Sur les conseils de son ami Paul-Alfred Dugoit, il devient un fournisseur privilégié en matière d’obus conventionnels ou chimiques et l’État, en demande constante, lui facilite l’acquisition de terrains au sud-ouest de Paris pour construire une nouvelle usine quai de Javel.
Le conflit terminé, il obtient à nouveau des subventions pour consacrer cette usine à la production automobile. Cette semaine, il s’apprête à dévoiler son premier modèle.
Fernand Maréchal
Fernand Maréchal est lieutenant d’infanterie pendant la Première Guerre mondiale. Joueur invétéré, il est ami avec officiers et poilus qu’il bat régulièrement. Sa réputation au jeu de l’Euchre lui vaut le surnom de “Joker” car, chanceux, il a toujours en main cette nouvelle carte.
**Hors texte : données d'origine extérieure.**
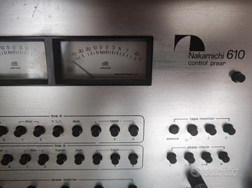 Splendida accoppiata vintage Nakamichi composta dal preamplificatore/mixer 610 e dal finale di potenza "Slim Line" 420. Un sistema che unisce la versatilità di un mixer professionale alla musicalità di un finale in Classe B ad alta efficienza. Nakamichi 610: Analizzatore di fase, generatore di toni di test e VU-meter funzionanti. Ideale per gestire più sorgenti (anche microfoniche). Nakamichi 420: Finale compatto da 50W per canale, capace di pilotare con disinvoltura anche diffusori impegnativi. Entrambi i componenti sono stati testati. I pre ha solo bisogno di una ripassata con disossidante per contatti visto che è fermo da moltissimo tempo. Vendo preferibilmente in coppia per preservare l'integrità del sistema originale Disponibile per qualsiasi prova d'ascolto presso la mia abitazione. Data la delicatezza e il peso , preferisco il ritiro a mano
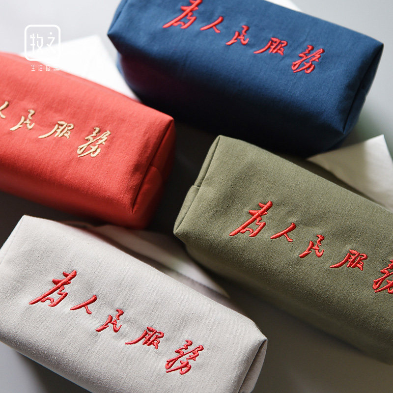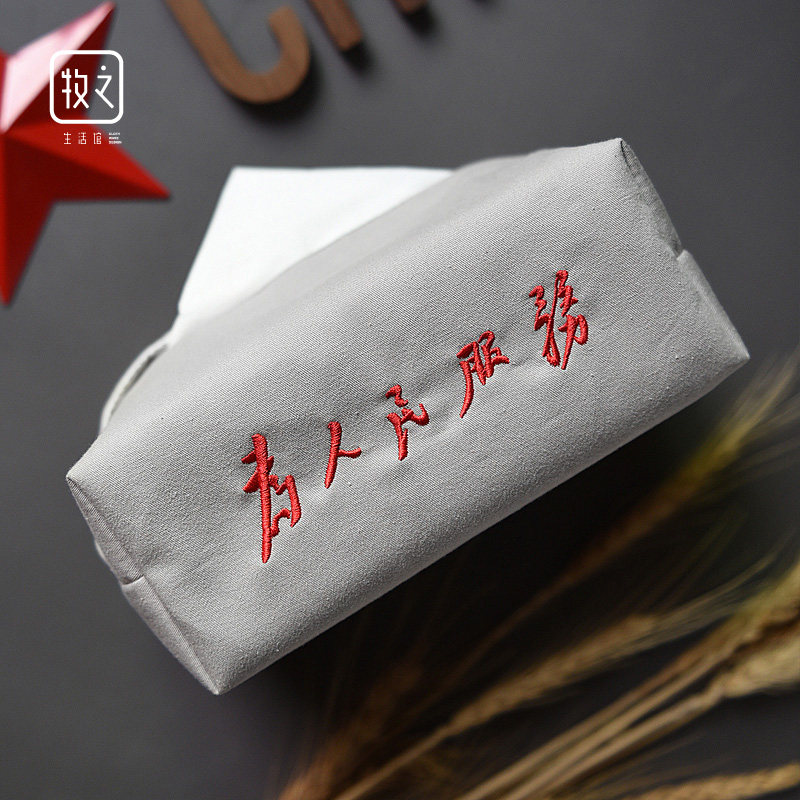 Cultural and creative gifts creative tissue box Fabric desktop pure cotton removable toilet paper set embroidered LOGO bag customization to serve the people
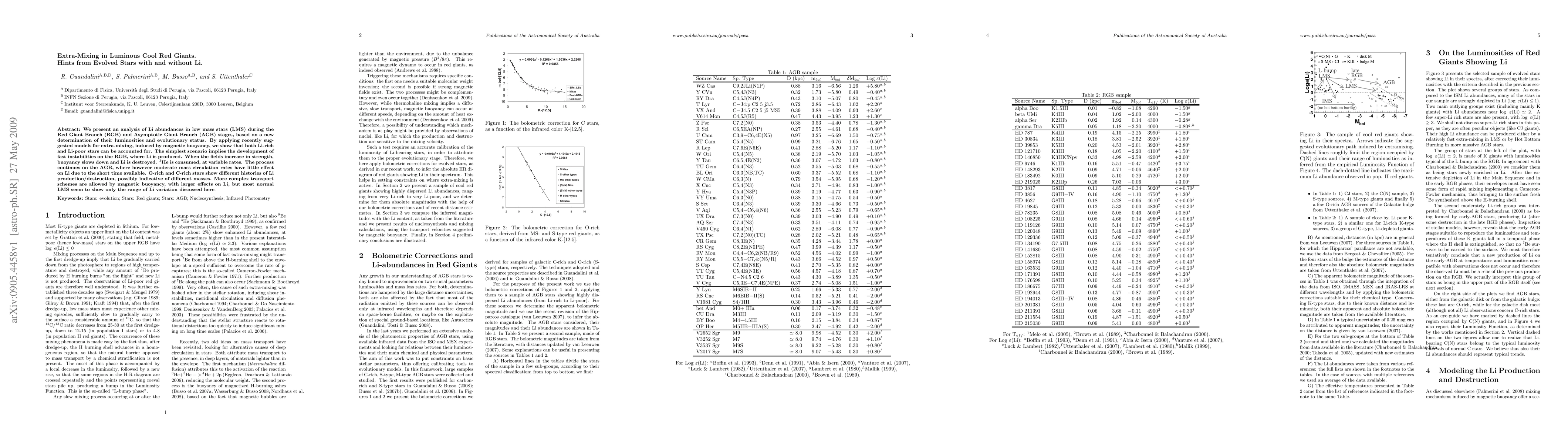 We present an analysis of Li abundances in low mass stars (LMS) during the Red Giant Branch (RGB) and Asymptotic Giant Branch (AGB) stages, based on a new determination of their luminosities and evolutionary status. By applying recently suggested models for extra-mixing, induced by magnetic buoyancy, we show that both Li-rich and Li-poor stars can be accounted for. The simplest scenario implies the development of fast instabilities on the RGB, where Li is produced. When the fields increase in strength, buoyancy slows down and Li is destroyed. 3He is consumed, at variable rates. The process continues on the AGB, where however moderate mass circulation rates have little effect on Li due to the short time available. O-rich and C-rich stars show different histories of Li production/destruction, possibly indicative of different masses. More complex transport schemes are allowed by magnetic buoyancy, with larger effects on Li, but most normal LMS seem to show only the range of Li variation discussed here.
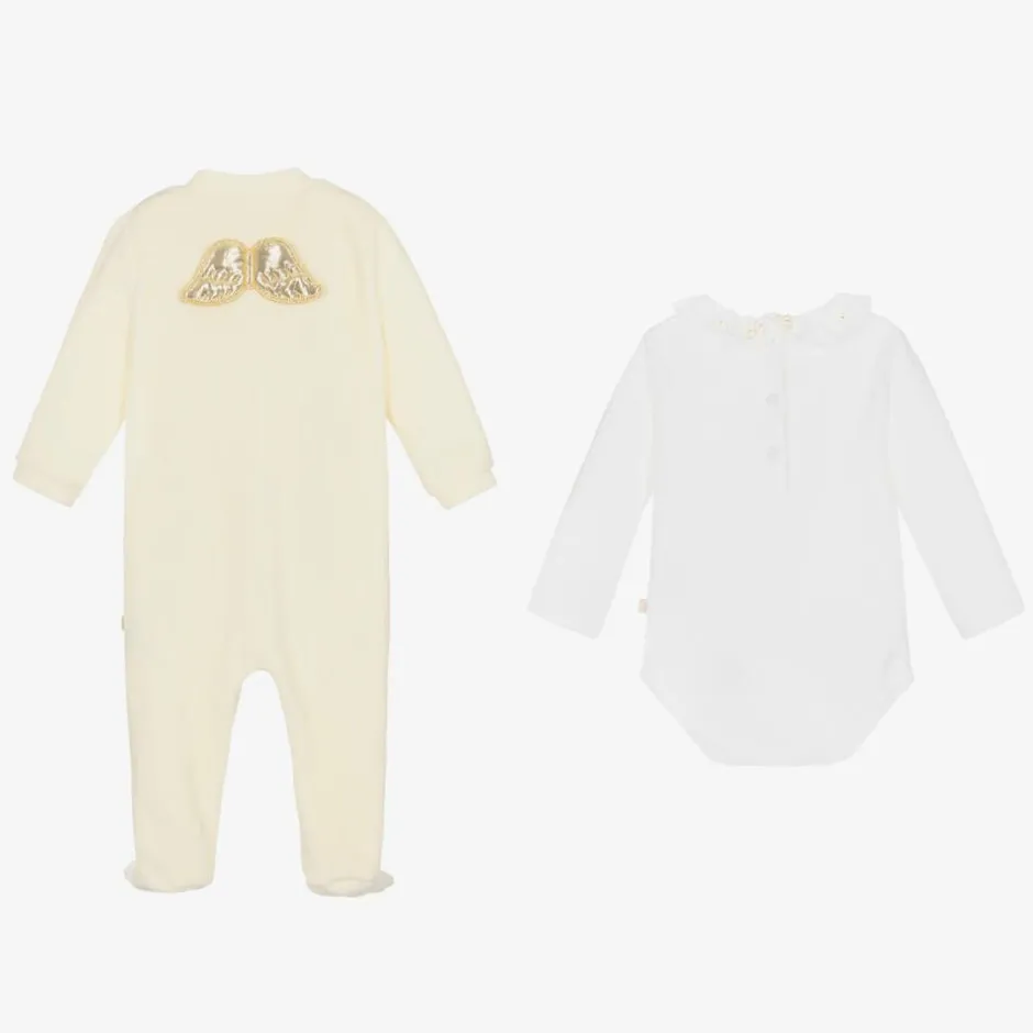 Marie-Chantal Ivory Velour Angel Babygrow Set New
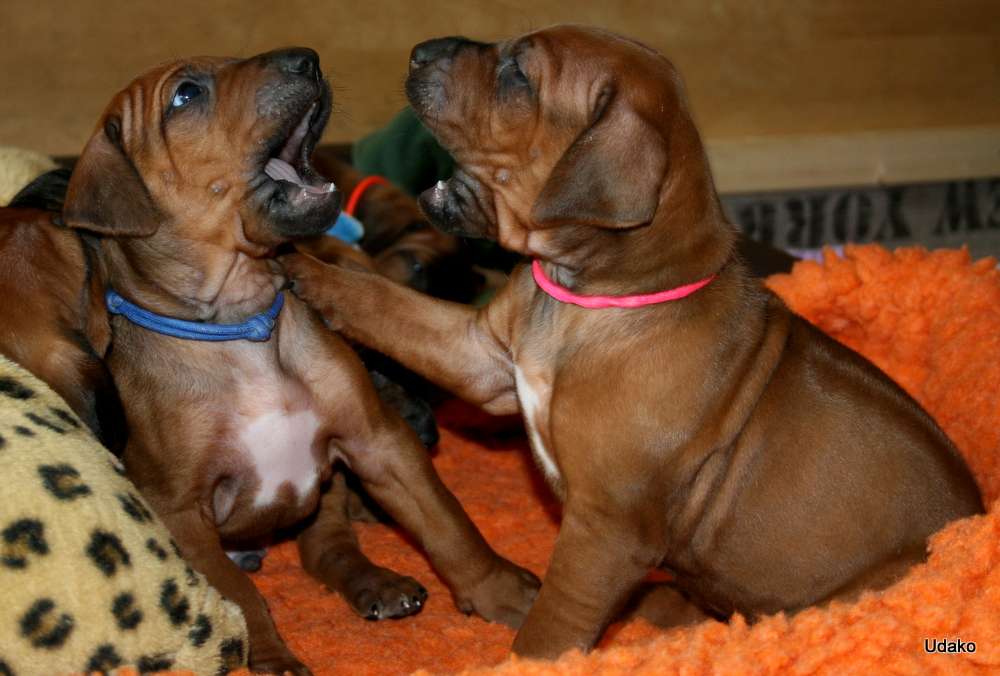 Die Besuchszeit für unsere zukünftigen Welpeneltern beginnt Ende nächster Woche und bis dahin dürfen unsere Puppies noch die Ruhe genießen und ein bißchen wachsen, denn das wird für Alle anstrengend genug werden….. und bis es soweit ist, habe ich für Euch noch ein paar Fotos gemacht 🙂
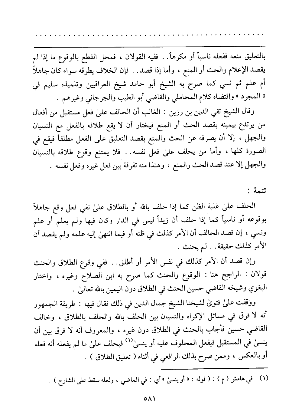 وقال الشيخ تقي الدين بن رزين: الغالب أن الحالف على فعل مستقبل من أفعال من يرتدع بيمينه بقصد الحث والمنع بقصد التعليق على الفعل مطلقًا فيقع في الصورة كلها, وأما من يحلف على فعل نفسه ... فلا يمتنع وقوع طلاقه بالنسيان والجهل إلا عند قصد الحث والمنع, وهذا منه تفرقة بين فعل غيره وفعل نفسه.
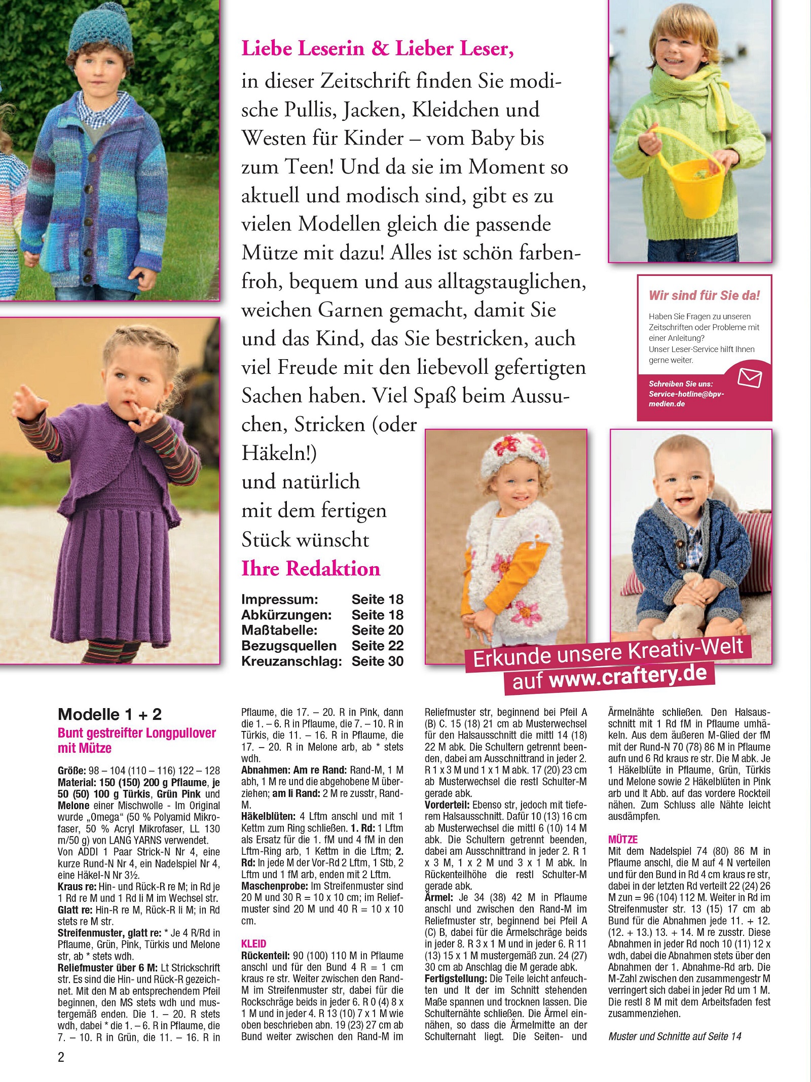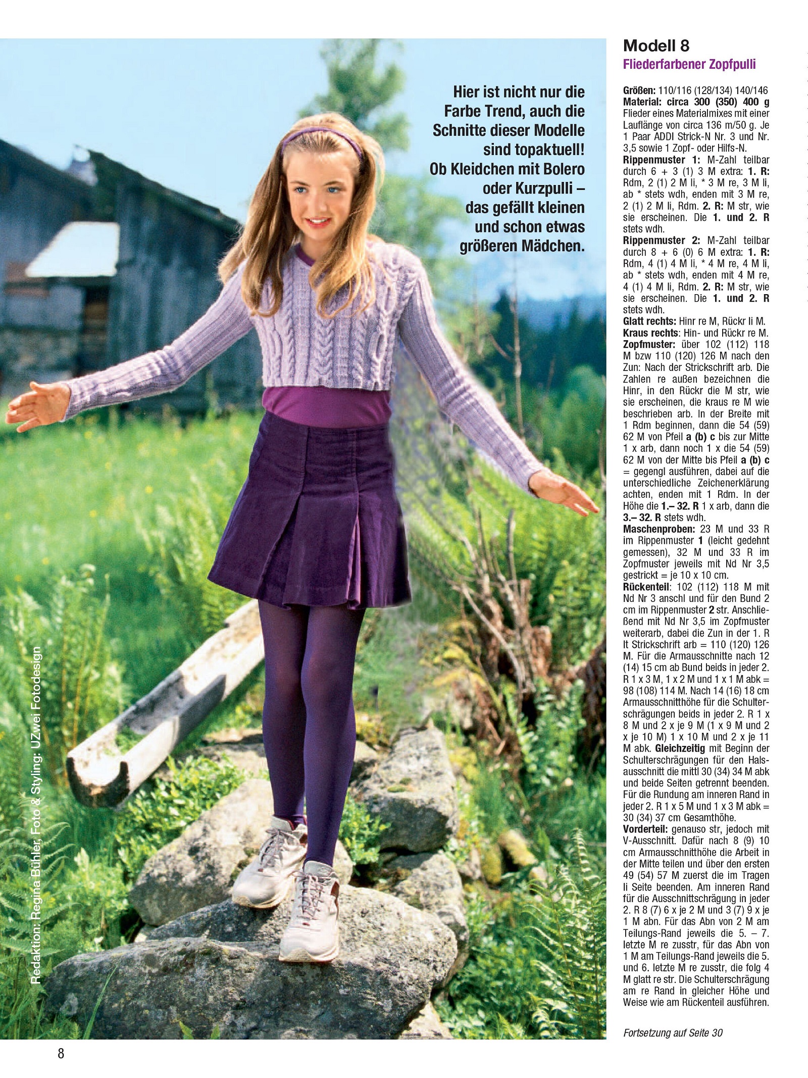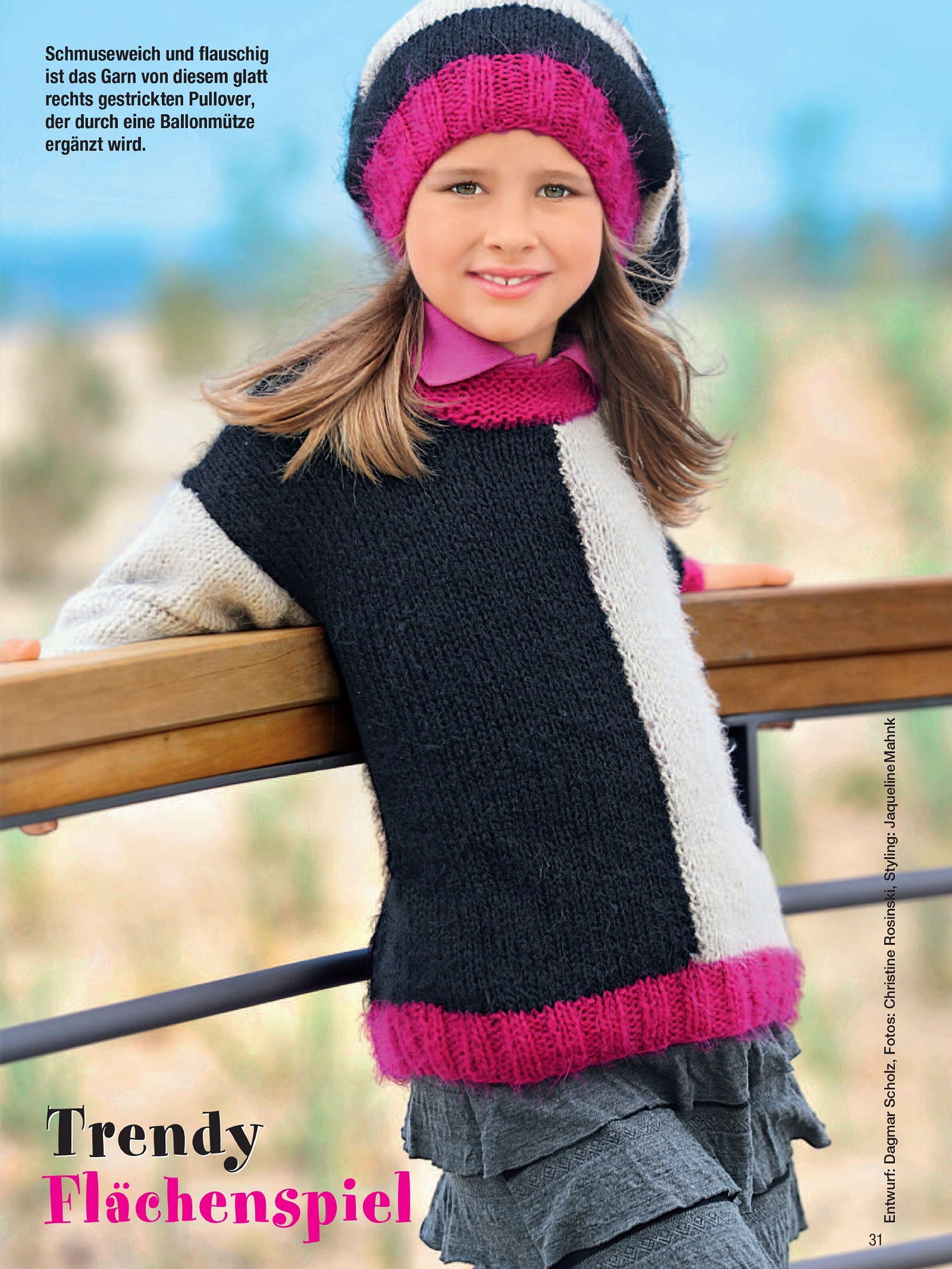 Журнал предлагает коллекцию трикотажных моделей для детей. В этом журнале вы найдёте модные свитера, куртки, платья и жилеты- от малышей до подростков! Детальные описания, иллюстрации и схемы позволят без труда выполнить любую модель.

En 1917, lors d’une attaque pour percer les lignes allemandes, l’artillerie ne modifie pas l’allongement des tirs et bombarde les soldats français sortis des tranchées. Fernand est gravement touché au visage et doit sa survie aux ambulanciers venus ramasser les corps.
La cicatrisation de ses blessures alterne avec une chirurgie barbare où l’on entreprend de lui refaire une partie du visage et de camoufler l’ensemble. Comme tant d’autres mutilés, il passe d’hôpital en hospice, et ne peut s’empêcher de penser à “ceux qui s’en sont si bien sortis”.
Refusant l’idée de porter un masque qui dissimulerait les erreurs de commandement ayant provoqué son infirmité, il disparaît des sanatoriums au printemps 1919…
André Roulard, dit Dédé
Dédé est l’un des rares soldats ayant survécu à la boucherie des bombardements des lignes françaises en 1917. Les désertions et mutineries secouant l’armée française à cette période, l’état-major prend soin de ces quelques rescapés qui reçoivent la Légion d’honneur et sont très vite démobilisés après un séjour en hôpital militaire. Rentrant à Paris, Dédé ne retrouve ni son emploi d’avant-guerre, ni son logement, détruit en 18 par le fameux “canon parisien”. L’ancien gardien de l’écluse des Morts sur le canal Saint-Martin suit un programme du gouvernement qui le réinsère en tant que terrassier pour la Ville.
Comme son ami Marcel récemment démobilisé le lui écrit : «le retour à la vie civile est difficile». Et pour surmonter souvenirs et visions d’horreur, Dédé a souvent recours à la boisson, une malheureuse habitude prise avec le pinard si généreusement distribué par l’armée.